Certains prennent la parole sur le sujet. Je pense notamment aux nombreux influenceurs qui conseillent d’investir sur les réseaux…
Les créateurs de contenu, c’est toute une histoire. Certains ont profité de l’absence d’éducation financière des Français pour lancer des arnaques, surtout lorsqu’est arrivée la vague d’intérêt autour des cryptomonnaies. Mais aujourd’hui, il y a des repères simples pour identifier un créateur de contenu de qualité. Tu peux rapidement savoir si quelqu’un a été certifié par l’autorité des marchés financiers. L’AMF, c’est le régulateur, la police de l’épargne, de l’investissement. D’un autre côté, l’Autorité de Régulation de la Publicité, et l’AMF, ont créé ensemble un certificat de créateur de contenu en matière financière. Et enfin, de plus en plus de créateurs de contenu passent tout simplement le diplôme de CIF, conseiller en investissement financier. Dans mon livre, je liste tous ceux qui, à mon sens, ont appris vraiment tout ce qu’il y a à savoir, et ont décidé qu’ils n’allaient pas juste entuber 200 personnes dans leur cabinet de gestion de patrimoine.
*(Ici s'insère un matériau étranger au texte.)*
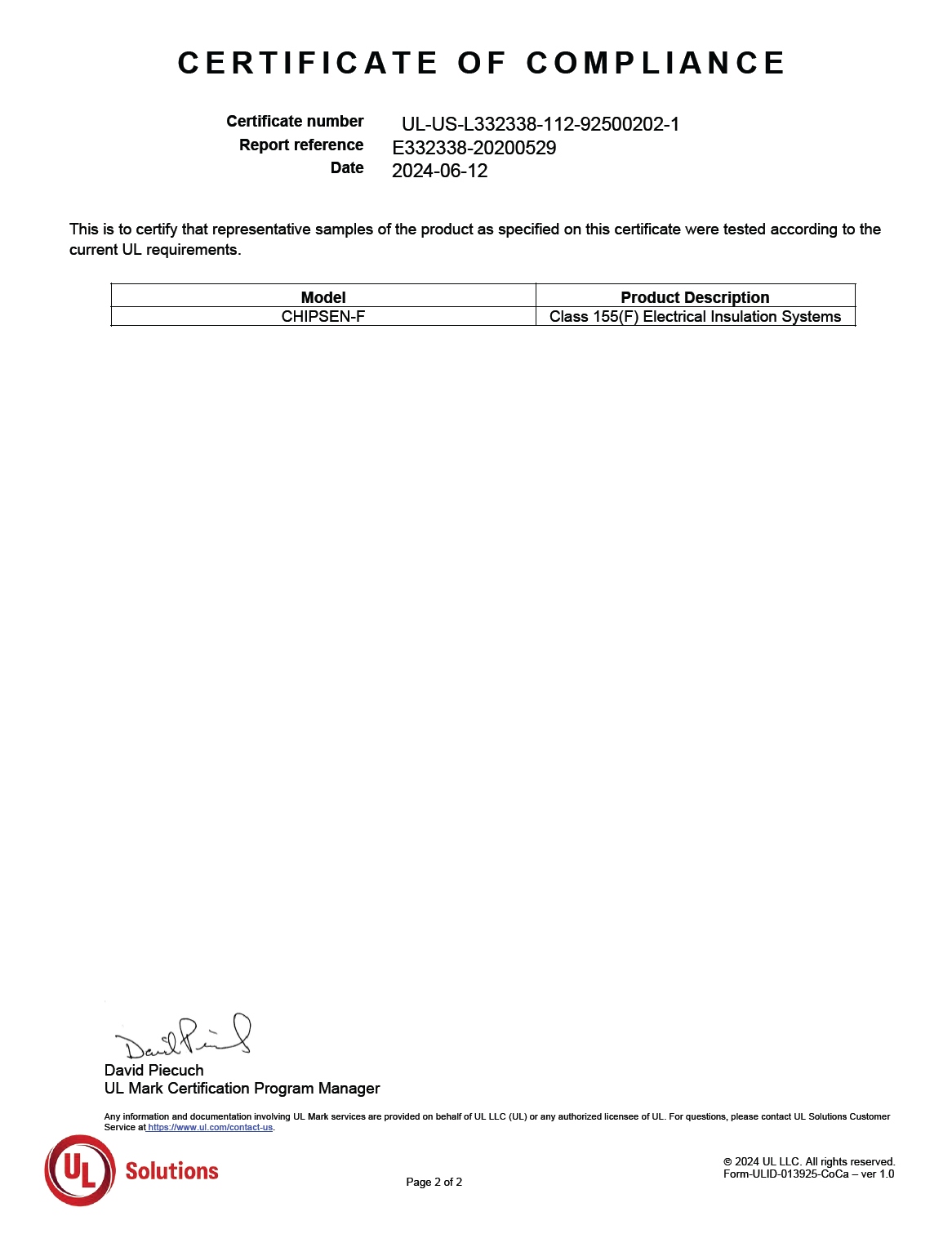 UL-Class F 證書

À mes yeux, une fois que tu suis ces comptes-là sur les réseaux sociaux, comme tu es naturellement attentif sur ton feed, ton éducation financière, tu la fais sans même t’en rendre compte.

D’où vous vient cette envie d’aider ?
Lorsque j’étais enfant, ça a été un problème énorme. Ma mère était surendettée et en a beaucoup souffert. Quand, à 12 ans, les huissiers viennent à ta maison et vident tout, tu ne le vis pas très bien. Je n’étais pas Causette non plus, mais une des raisons pour lesquelles je suis arrivé en finance, c’est aussi parce que je ne voulais pas que ça m’arrive. Et même alors que j’étais trader, j’ai mis des années à gérer mon argent correctement. Je cherchais toujours à plaire, à offrir. J’ai longtemps dépensé plus que ce que je gagnais. C’est ce qui m’a aidé à écrire ce livre, mais aussi pour Trade Republic. Je suis à la fois un connaisseur du sujet, car je bosse dans la finance depuis quinze ans, mais j’ai aussi une compréhension de la situation du Français moyen.
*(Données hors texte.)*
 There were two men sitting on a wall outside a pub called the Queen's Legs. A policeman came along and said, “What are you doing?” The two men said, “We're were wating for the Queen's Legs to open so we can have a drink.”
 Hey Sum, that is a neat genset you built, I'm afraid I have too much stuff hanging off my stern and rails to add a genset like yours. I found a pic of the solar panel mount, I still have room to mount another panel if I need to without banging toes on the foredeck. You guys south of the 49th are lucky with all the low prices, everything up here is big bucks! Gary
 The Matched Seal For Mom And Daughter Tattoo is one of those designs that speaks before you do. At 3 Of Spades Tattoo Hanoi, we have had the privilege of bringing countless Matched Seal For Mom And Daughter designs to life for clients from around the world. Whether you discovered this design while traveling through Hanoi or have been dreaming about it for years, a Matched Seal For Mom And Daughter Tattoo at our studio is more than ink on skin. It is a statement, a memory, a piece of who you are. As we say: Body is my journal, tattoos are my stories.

Vous êtes directeur européen de Trade Republic. C’est une autre manière d’aider, de recentrer la banque sur les usages du Français moyen ?
Je suis ravi de ma place, parce qu’en sept ans à être trader en salle des marchés, j’ai eu une activité rémunératrice, mais je ne me sentais pas utile à la société, ça me frustrait. Au début, ce métier m’a rendu fier, parce que j’avais eu le sentiment de progresser socialement, mais c’était un écosystème assez malsain, très viriliste. Avec Trade Republic, j’ai la sensation de faire quelque chose d’intérêt général. Le pari fou de cette banque, c’était d’aller chercher tous les professionnels de la finance, pour leur tordre le bras en disant « nous aurons des millions de clients, si vous voulez y accéder, il faudra rendre vos services accessibles ». C’est comme ça qu’on a réussi à construire une offre si peu chère. Mais c’était risqué, on aurait pu ne pas avoir suffisamment de client d’un coup. Heureusement, ils ont été au rendez-vous, et aujourd’hui on est huit millions.